Center for Precision Medicine, Seoul National University Hospital, Seoul, Korea.
Division of Biomedical Informatics, Seoul National University Biomedical Informatics and Systems Biomedical Informatics Research Center, Seoul National University College of Medicine, Seoul, Korea.
J Korean Med Sci. 2020 Mar 30;35(12):e78. doi: 10.3346/jkms.2020.35.e78.
Human leukocyte antigen (HLA) typing is important for transplant patients to prevent a severe mismatch reaction, and the result can also support the diagnosis of various disease or prediction of drug side effects. However, such secondary applications of HLA typing results are limited because they are typically provided in free-text format or PDFs on electronic medical records. We here propose a method to convert HLA genotype information stored in an unstructured format into a reusable structured format by extracting serotype/allele information.
We queried HLA typing reports from the clinical data warehouse of Seoul National University Hospital (SUPPREME) from 2000 to 2018 as a rule-development data set (64,024 reports) and from the most recent year (6,181 reports) as a test set. We used a rule-based natural language approach using a Python regex function to extract the 1) number of patients in the report, 2) clinical characteristics such as indication of the HLA testing, and 3) precise HLA genotypes. The performance of the rules and codes was evaluated by comparison between the extracted results from the test set and a validation set generated by manual curation.
Among 11,287 reports for development set and 1,107 for the test set describing HLA typing for a single patient, iterative rule generation developed 124 extracting rules and 8 cleaning rules for HLA genotypes. Application of these rules extracted HLA genotypes with 0.892-0.999 precision and 0.795-0.998 recall for the five HLA genes. The precision and recall of the extracting rules for the number of patients in a report were 0.997 and 0.994 and those for the clinical variable extraction were 0.997 and 0.992, respectively. All extracted HLA alleles and serotypes were transformed according to formal HLA nomenclature by the cleaning rules.
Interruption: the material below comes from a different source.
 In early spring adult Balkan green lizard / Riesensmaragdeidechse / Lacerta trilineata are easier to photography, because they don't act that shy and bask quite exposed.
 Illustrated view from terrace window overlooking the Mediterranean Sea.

The rule-based HLA genotype extraction method shows reliable accuracy. We believe that there are significant number of patients who takes profit when this under-used genetic information will be return to them.
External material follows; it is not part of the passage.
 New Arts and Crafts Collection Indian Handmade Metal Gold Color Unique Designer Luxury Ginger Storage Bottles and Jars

人类白细胞抗原(HLA)分型对于移植患者非常重要,可以防止严重的不匹配反应,其结果还可以支持各种疾病的诊断或预测药物副作用。然而,由于 HLA 分型结果通常以电子病历中的自由文本格式或 PDF 形式提供,因此这些次要应用受到限制。我们在此提出一种方法,通过提取血清型/等位基因信息,将存储在非结构化格式中的 HLA 基因型信息转换为可重复使用的结构化格式。
我们从 2000 年至 2018 年,从首尔国立大学医院(SUPPREME)的临床数据仓库中查询 HLA 分型报告作为规则开发数据集(64024 份报告),并从最近一年(6181 份报告)作为测试集。我们使用基于规则的自然语言方法,使用 Python regex 函数提取以下信息:1)报告中的患者数量;2)HLA 测试的临床特征,如测试指征;3)精确的 HLA 基因型。通过将测试集中提取的结果与通过手动策展生成的验证集进行比较,评估规则和代码的性能。
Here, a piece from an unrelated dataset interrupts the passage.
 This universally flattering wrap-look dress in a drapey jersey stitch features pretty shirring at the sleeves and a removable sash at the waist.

在开发数据集的 11287 份和测试数据集的 1107 份描述单个患者 HLA 分型的报告中,迭代规则生成了 124 个提取规则和 8 个 HLA 基因型清洗规则。应用这些规则提取 HLA 基因型的精度为 0.892-0.999,召回率为 0.795-0.998,适用于五个 HLA 基因。报告中患者数量的提取规则的精度和召回率分别为 0.997 和 0.994,临床变量提取的规则的精度和召回率分别为 0.997 和 0.992。所有提取的 HLA 等位基因和血清型均根据正式的 HLA 命名法通过清洗规则进行转换。
基于规则的 HLA 基因型提取方法具有可靠的准确性。我们相信,当这些未充分利用的遗传信息返还给患者时,会有大量患者从中受益。